WHAT THIS TASK INVOLVES — In the records below, find the line with "EMMILIANA Street Life", then retype it and every following line exactly, stopping after the line with "Wood screw CS 10×140 TX40 (50 pcs.pack)". Leave the pictures out.
INFORMATION SUPPLIED START
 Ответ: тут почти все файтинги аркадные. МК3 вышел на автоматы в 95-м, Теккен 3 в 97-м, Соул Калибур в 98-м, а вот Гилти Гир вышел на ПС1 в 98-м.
INFORMATION SUPPLIED END
INFORMATION SUPPLIED START
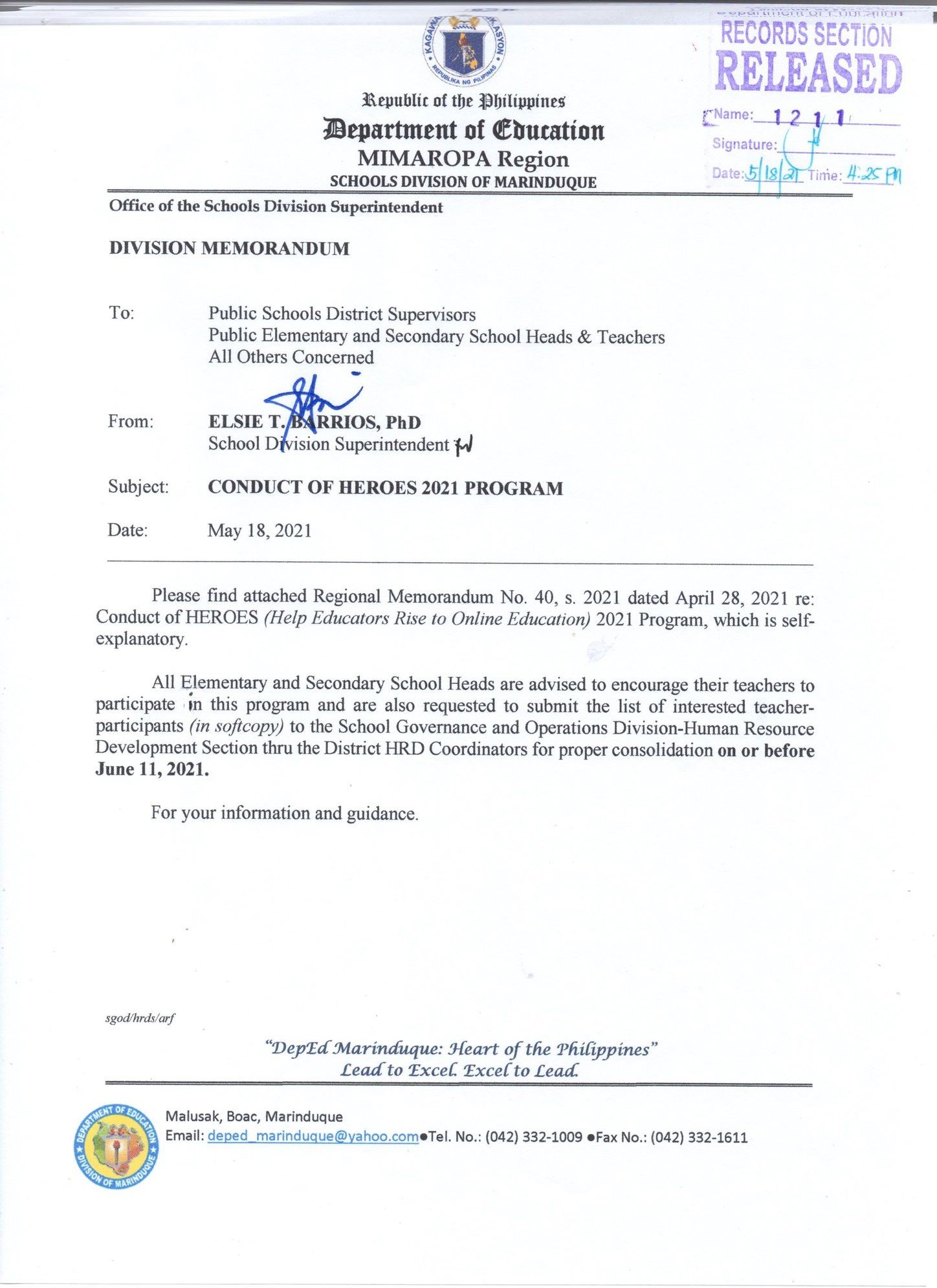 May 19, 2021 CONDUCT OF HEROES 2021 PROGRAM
INFORMATION SUPPLIED END
INFORMATION SUPPLIED START
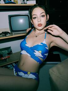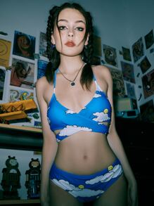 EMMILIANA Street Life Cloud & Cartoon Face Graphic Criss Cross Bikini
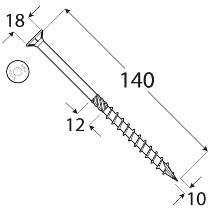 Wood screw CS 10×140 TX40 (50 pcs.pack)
INFORMATION SUPPLIED END
ANSWER SPACE —
 EMMILIANA Street Life Cloud & Cartoon Face Graphic Criss Cross Bikini
 Wood screw CS 10×140 TX40 (50 pcs.pack)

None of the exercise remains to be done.